- _Prompt_: Starting at the line that contains "埃森哲估计,由于移动游戏的激", output each line exactly as written through the end of the listing below, but leave out the pictures.

- _Dataset extract_:

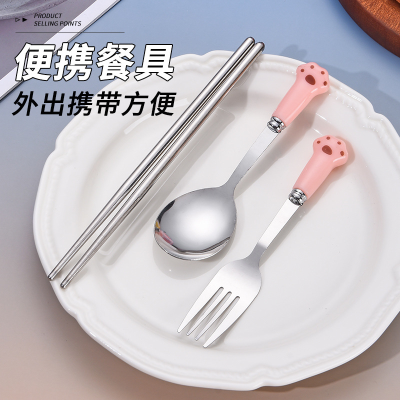 304 ステンレス鋼食器、かわいいセラミックハンドルのデザートスプーン、子供用フードスプーン、ポータブルスプーン、フォーク、箸セット
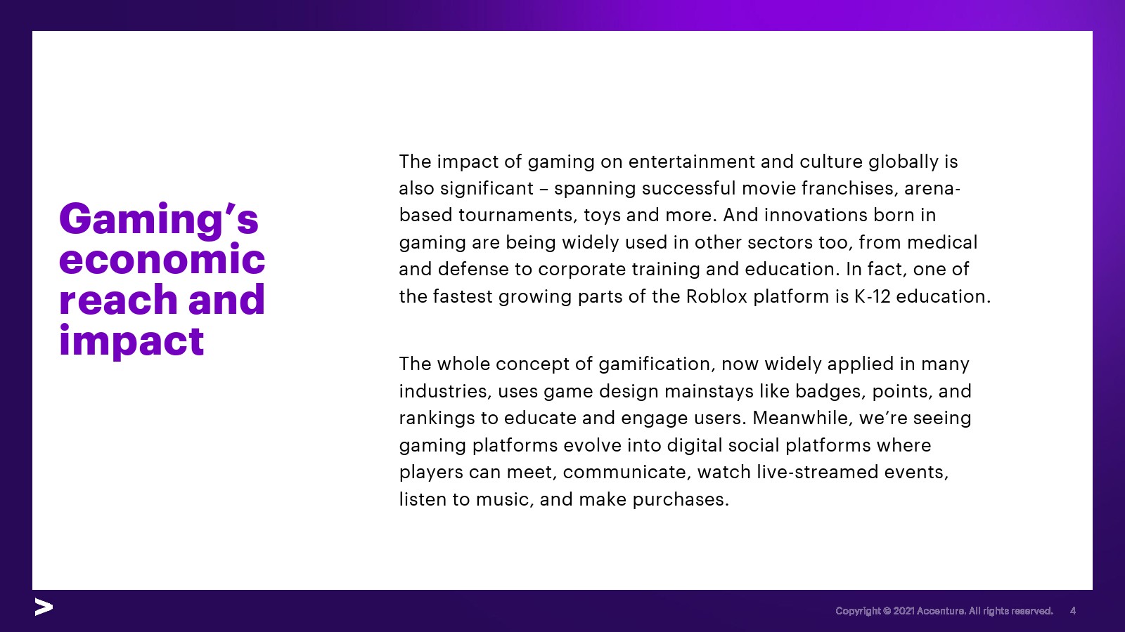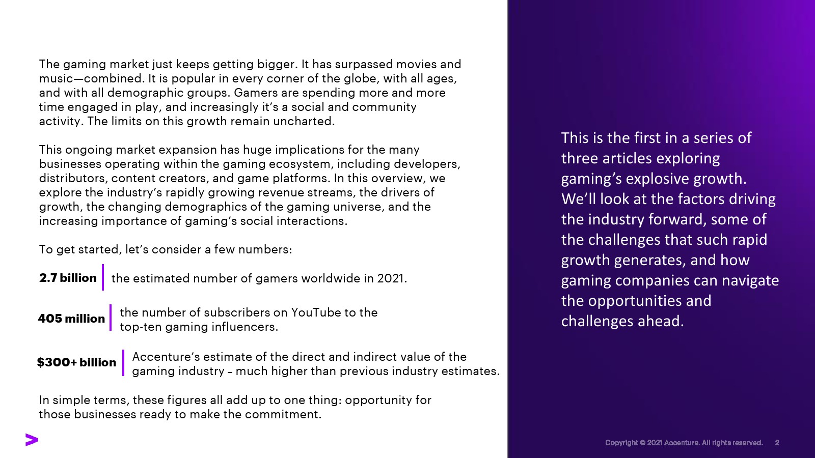 埃森哲估计,由于移动游戏的激增以及在此期间人们对社交互动的重视,游戏行业的总价值现已超过3000亿美元,超过电影和音乐市场的总和。
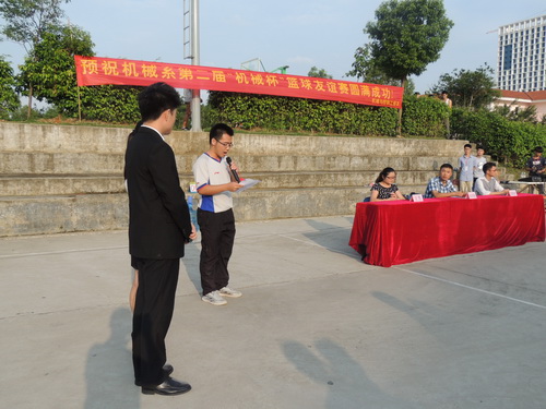 空港新沃土,球场现英姿,经过一段时间的精心筹备,5月21日下午,我系第二届“机械杯”篮球友谊赛在空港校区篮球场正式开幕。出席本次开幕式的有我系党总支副书记刘术刚、系部辅导员以及参加比赛的全体运动员和裁判员。
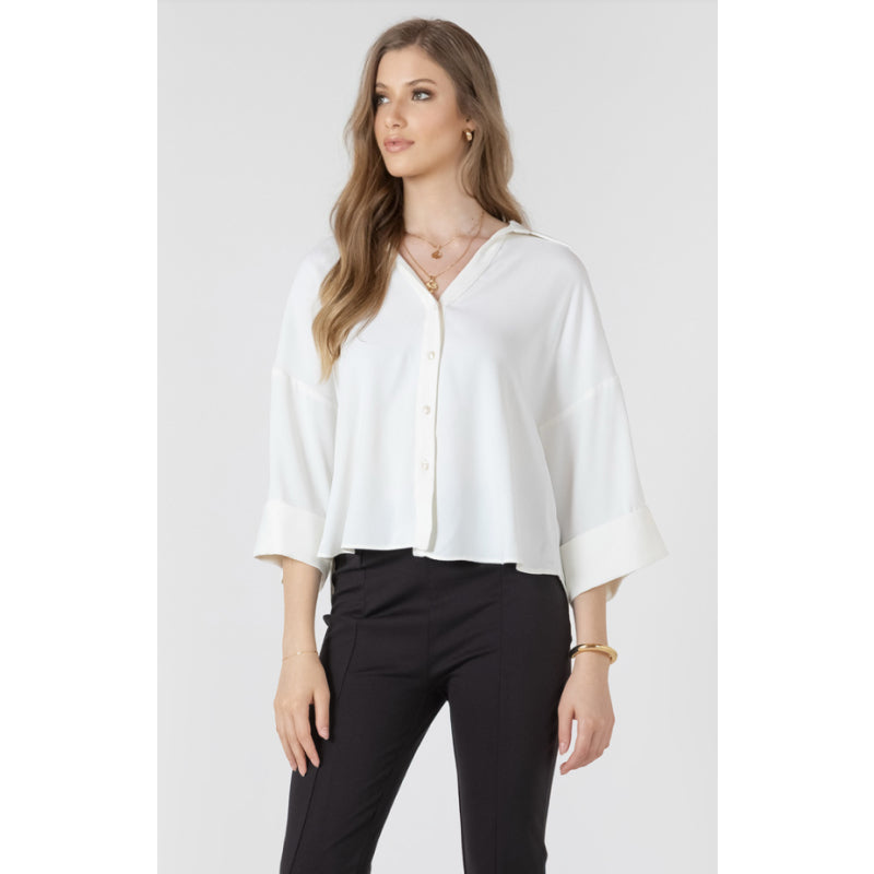 Black Tape Cuffed Button Front Blouse

- _Your solution_:
 埃森哲估计,由于移动游戏的激增以及在此期间人们对社交互动的重视,游戏行业的总价值现已超过3000亿美元,超过电影和音乐市场的总和。
 空港新沃土,球场现英姿,经过一段时间的精心筹备,5月21日下午,我系第二届“机械杯”篮球友谊赛在空港校区篮球场正式开幕。出席本次开幕式的有我系党总支副书记刘术刚、系部辅导员以及参加比赛的全体运动员和裁判员。
 Black Tape Cuffed Button Front Blouse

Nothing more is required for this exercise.